▸ DATASET EXCERPTS:
- - -
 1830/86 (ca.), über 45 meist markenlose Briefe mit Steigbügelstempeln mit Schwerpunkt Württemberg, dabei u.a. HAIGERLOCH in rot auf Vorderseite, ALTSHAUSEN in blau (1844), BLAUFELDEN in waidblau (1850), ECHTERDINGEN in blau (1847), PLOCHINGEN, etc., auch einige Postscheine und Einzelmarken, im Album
- - -
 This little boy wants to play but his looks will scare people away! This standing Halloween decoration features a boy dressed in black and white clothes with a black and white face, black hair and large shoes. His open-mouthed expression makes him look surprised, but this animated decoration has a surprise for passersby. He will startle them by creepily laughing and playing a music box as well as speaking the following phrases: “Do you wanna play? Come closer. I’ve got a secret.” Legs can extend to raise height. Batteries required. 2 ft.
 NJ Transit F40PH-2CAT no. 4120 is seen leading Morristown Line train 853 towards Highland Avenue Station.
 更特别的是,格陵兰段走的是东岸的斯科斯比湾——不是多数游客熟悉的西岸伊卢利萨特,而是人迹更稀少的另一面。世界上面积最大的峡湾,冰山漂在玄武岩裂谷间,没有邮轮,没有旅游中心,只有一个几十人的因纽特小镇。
- - -
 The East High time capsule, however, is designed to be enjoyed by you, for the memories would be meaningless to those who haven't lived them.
- - -
▸ TASK DETAILS: From the listing above, output exactly the run of lines that starts with the line containing "NJ Transit F40PH-2CAT" and ends with the line containing "更特别的是,格陵兰段走的是东".

▸ TASK RESULT:
 NJ Transit F40PH-2CAT no. 4120 is seen leading Morristown Line train 853 towards Highland Avenue Station.
 更特别的是,格陵兰段走的是东岸的斯科斯比湾——不是多数游客熟悉的西岸伊卢利萨特,而是人迹更稀少的另一面。世界上面积最大的峡湾,冰山漂在玄武岩裂谷间,没有邮轮,没有旅游中心,只有一个几十人的因纽特小镇。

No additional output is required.